European markets enjoyed a stellar 2017, attracting the largest share of global real estate investment volumes for the first time since 2010.
The strength of the region is reflected in JLL’s latest Investment Intensity Index rankings which saw European cities account for seven of the world’s top 10 markets, and 12 of the top 30.
Europe’s ‘New World Cities’ in particular featured prominently, with the Nordic markets of Oslo (1st), Copenhagen (18th) and Stockholm (28th), and Germany’s Munich (4th), Frankfurt (6th) and Berlin (13th) leading the way.
The Investment Intensity Index compares the volume of direct commercial real estate investment in a city over a three-year period relative to its current economic size. The resulting rankings provide a measure of market liquidity and a barometer of a city’s overall economic health.
In addition, European cities dominate global cross-border capital flows. They now occupy 11 of the top 12 spots for cross-border investment intensity, up from 10 the year before. London, Edinburgh, Frankfurt and Berlin top the list.
The region as a whole saw a 29 percent increase in cross-border activity during 2017, which is a “testament to Europe’s openness and continued attractiveness to investors,” according to Jeremy Kelly, Global Cities Research Director at JLL.
Europe in a good place
European markets more generally, are also benefiting from their status as some of the world’s most transparent, stable and open markets. After years in the economic doldrums, the region’s return to sustained growth, which began last year, has further helped boost interest and investment.
“As well as featuring in the Investment Intensity Index, several of the top-ranking European cities are among the world’s largest overall CRE investment markets, and some have experienced strong investor demand over the last year, including London, Berlin and Frankfurt,” says Kelly.

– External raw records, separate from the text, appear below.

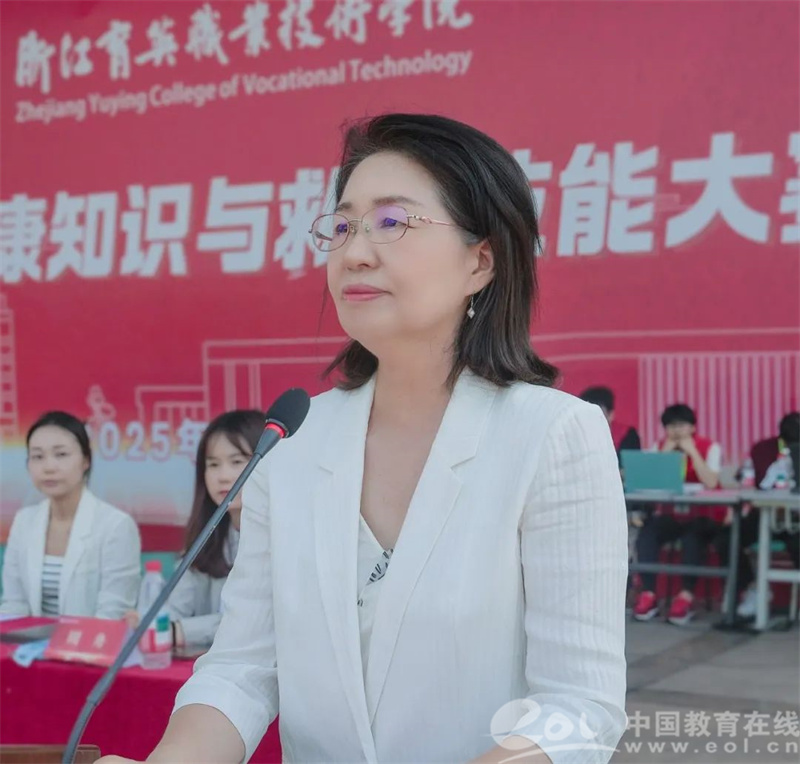 黄爱平在开幕式中致辞,她表示,生命重于泰山,生命教育是育英人始终坚守的育人根基。作为一所立足社会需求、深耕职业教育的院校,培养敬畏生命、守护健康的高素质人才,不仅是教育的使命,更是对“人道、博爱、奉献”精神的传承。多年来,学校将卫生健康与应急救护教育融入人才培养全过程,校园里涌现出与时间赛跑顽强救助突发晕厥学生的好医师、好老师、好学生。这些平凡却闪耀的瞬间,正是育英人用专业与爱心书写的生命赞歌。她希望同学们在竞技中锤炼本领,在合作中传递温暖,真正成为“懂理论、精技术、有情怀”的生命守护者,既要做专业技能的“攀登者”,更要做红十字精神的“传播者”,用所学所能为社会筑起一道坚实的安全屏障,让“大爱奉献”照亮更多角落。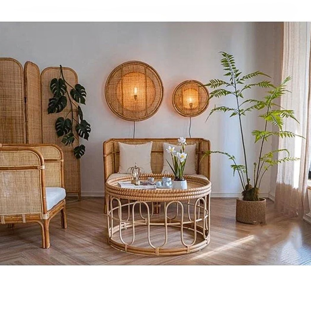 Lo chic bohémien è sotto i riflettori con questa applique in canna. Realizzata con materiali naturali come il rattan per la canna e il bambù per la circonferenza dell'applique, incarna l'autenticità e il calore dello stile bohémien.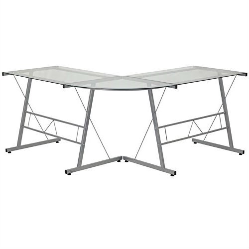 Home > Modern Silver Metal L-Shaped Desk with Glass Top and Floor Glides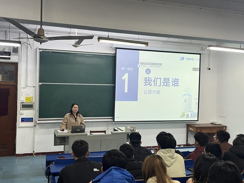 陈抒生向同学们介绍华电新疆发电有限关于我们,她表示华电始终以“奉献清洁能源、创造美好生活”为使命,忠实履行央企政治、经济和社会责任,积极服务自治区能源强区建设,为新疆国民经济发展和打赢脱贫攻坚战、蓝天保卫战贡献了华电力量。强调随着电力能源转型战略目标的不断推进,华电新疆也迎来了更大发展机遇,集团公司大力推进新能源的发展,装机容量、人才需求在未来两年年内将有显著的增长。同时,她指出新疆地大物博,欢迎同学们到广阔天地发挥才干建设祖国。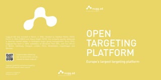 The document describes Europe's largest targeting platform that allows media agencies, publishers, and external data sources to network their targeting campaigns across multiple publishers. It offers cross-publisher campaigns aimed at precise target groups with optimal infrastructure for branding campaigns. Campaigns can be planned with single parameters and include global frequency capping and boosting to optimize advertising contact while maintaining transparency and control for agencies.

London, for instance, saw a 45 percent increase in volumes in 2017, a significant rebound from its post-referendum lows in 2016. It also topped the global rankings for total and cross-border investment activity in 2017.
However, this pales beside Amsterdam and Berlin, where investment activity last year increased by 93 percent and 100 percent respectively, he says.

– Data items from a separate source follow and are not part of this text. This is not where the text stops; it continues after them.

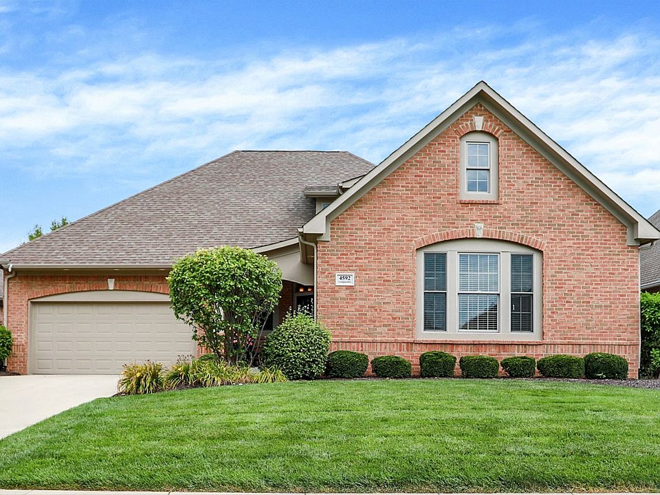 This one is an absolute stunner! Beautiful hardwood flooring throughout the main level and tray ceiling entry detail of this Center Grove ranch with a full, finished basement make this a beauty as soon as you walk through the door. The custom details throughout this home that set it above many others in the area include arched doorways, 11 foot ceilings, crown molding, wainscoting, solid core doors, and so much more. You will love the open floor plan and the views of hole number two on Hickory Stick Golf Course. Primary suite features tray ceilings, a tall double vanity with granite tops, large soaking tub, custom tile shower, and a large closet that leads to the laundry room. The outdoor space with a spacious screened porch and the Trex deck are added features that set this apart. The large recreational areas in the basement allow for plenty of room for everything you need. Other features of the fully finished basement include: two ample bedrooms that share a Jack and Jill bathroom, a wet bar with custom cabinetry and tile floors, and a large storage area with a battery backup sump, a radon system already installed, and an HVAC system that is regularly maintained. This home also features a two car garage and an additional one car garage, both with epoxy flooring. As part of the Hickory Stick Crossing community, you have access to the community pool, clubhouse, and miles of sidewalks. There is also a full, 18 hole golf course with membership opportunities, and a restaurant that is open to the public. You don't want to miss this one!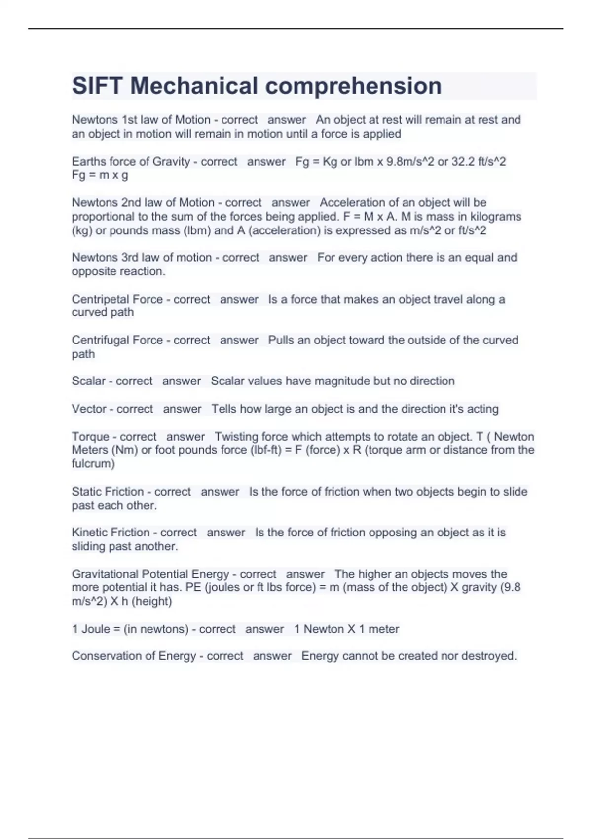 SIFT Mechanical comprehension Question and answers 100% correct 2023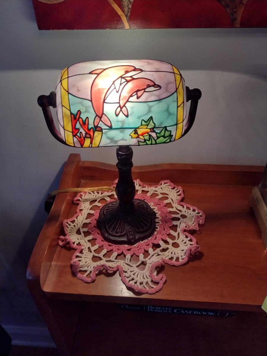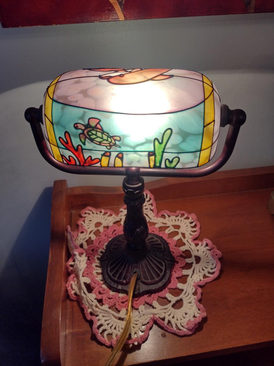 Small Table Top Lamp with Rotating Shade- Ocean Life Design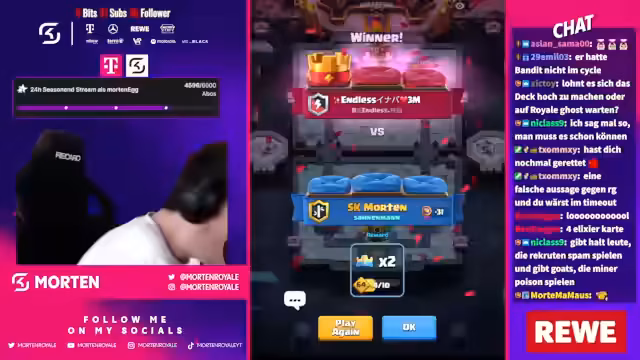00:38:23Der Stream beginnt mit intensivem Gameplay in Clash Royale, wobei die Matches als sehr herausfordernd und krachend beschrieben werden. Es geht um schwierige Matchups, bei denen der Streamer betont, dass er trotz der Herausforderungen keinen Schaden nehmen wird und ein abgezocktes Spiel durchzieht. Persönliche Kommentare über Rivalen und Nervenkitzel begleiten die Runden, während die Atmosphäre von Aufregung und taktischem Vorgehen geprägt ist, ohne dass auf externe Unterstützung eingegangen wird.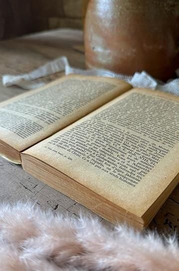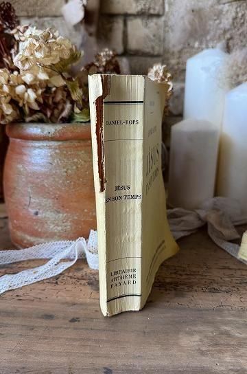 フランスのアンティークの本。ダニエル・フロップスによるキリストの歴史に関しての本。ダニエル・フロップスは、フランスのカトリック作家兼歴史家として1920年頃から作品を生み出しています。この作品もイエスとその時代背景に関しての話が綴られています。昔ながらの荒く厚い紙に印刷された文字のインクが味のある雰囲気。大きい紙にまとめて印刷してから裁断される作り方で、紙の端部分はアンティークでないと表現出来ないであろう風合いです。年月を経た紙がアンティークならではの佇まい。不ぞろいな紙の縁は何度も読まれてくるんと丸まって広がって、使い込まれた風合いです。このままアンティークなディスプレーに、小物と合わせて世界観を創ったり、キャビネットやシェルフを飾るオブジェに。古い紙とインクの風合いが味のある、フランス語のアンティークブックです。 | ![]() | ||||||||||||||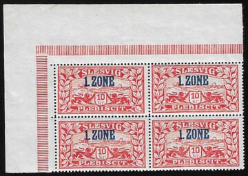 "1. Zone", 2 bis 10 Kr. einheitlich in postfrischen Viererblöcken aus der linken oberen Bogenecke, wenige Werte gering Patina und Ränder teils ungebraucht, Mi. lose 1880,-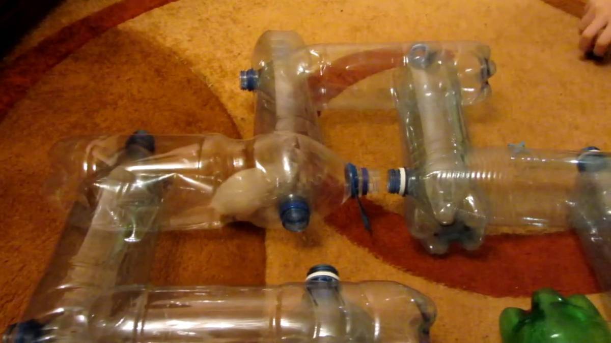 Для работы нужен канцелярский нож, ножницы и изолента. Конструкция состоит из одинаковых узлов, расположенных в произвольном порядке. Каждый узел состоит из двух бутылок, одна из которых «пронзает» другую под прямым углом. Возьмите две бутылки:
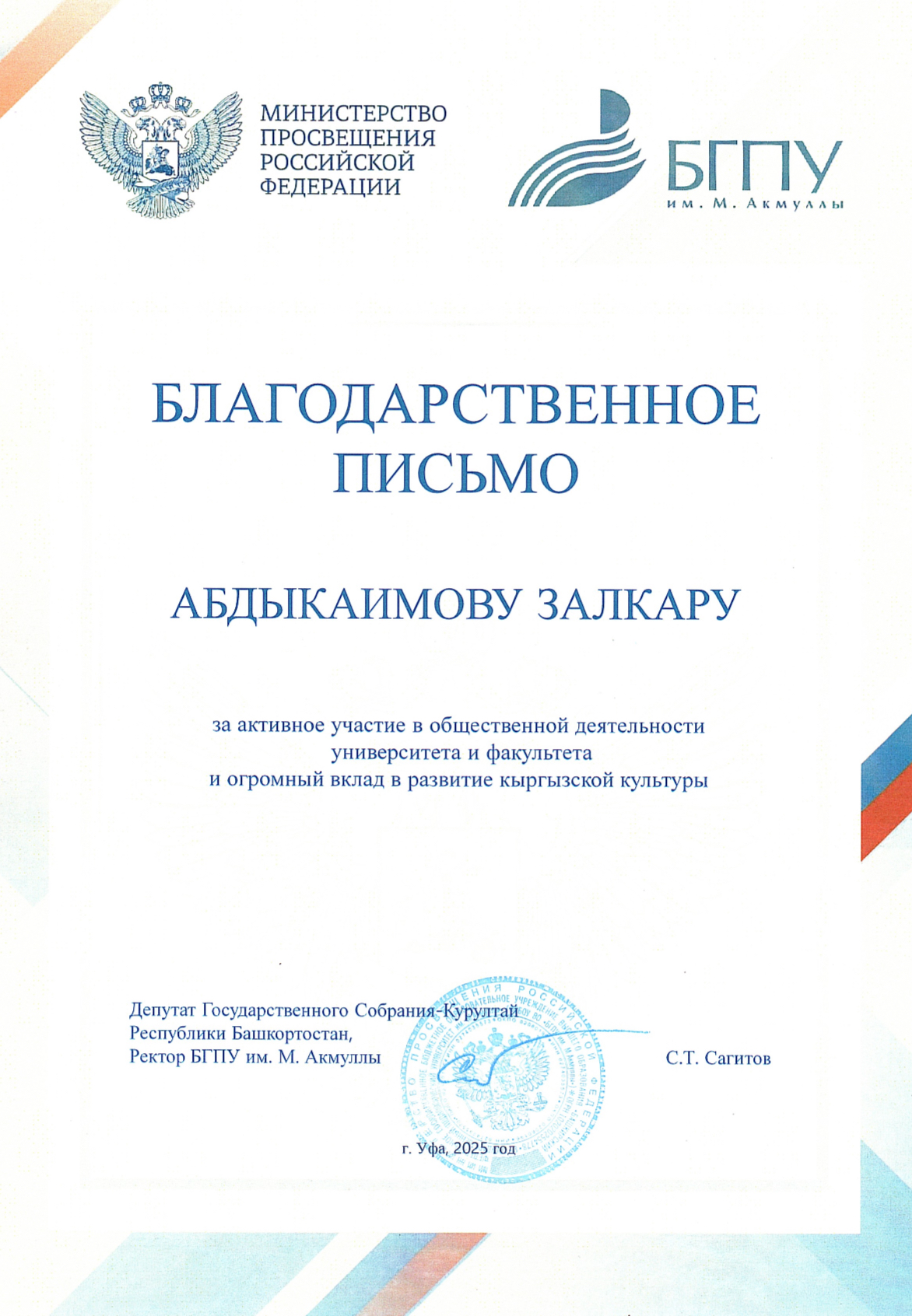 В ходе торжественного мероприятия состоялась церемония награждения. Абдыкаимов Залкар, студент 3 курса, получил из рук ректора БГПУ им. Акмуллы Салавата Талгатовича Сагитова благодарственное письмо за активное участие в общественной деятельности университета и факультета, а также за огромный вклад в развитие кыргызской культуры. Его усилия и преданность делу вдохновляют однокурсников и создают положительный имидж университета.

Europe’s New World Cities show their appeal
The allure of the New World Cities, which tend to be medium-sized and well-managed, lies in their strong future-proofing potential in terms of innovation and technology, sustainability and quality of life.
These characteristics are especially marked among Europe’s Index-topping cities, which all possess a critical mass of high-quality, specialized jobs, businesses and higher education institutions, along with strong infrastructure platforms.
Investors are increasingly looking to identify cities that are best-placed to gain from trends in technological transformation, and so generate long-term value preservation and growth, says Kelly.
“The attractiveness of Europe’s New World Cities lies in their exceptional levels of high-tech and knowledge-intensive employment, concentrations of innovative, globally successful firms, and high quality of life. These attributes should enable them to retain their appeal to companies, talent and investors going forwards,” he says.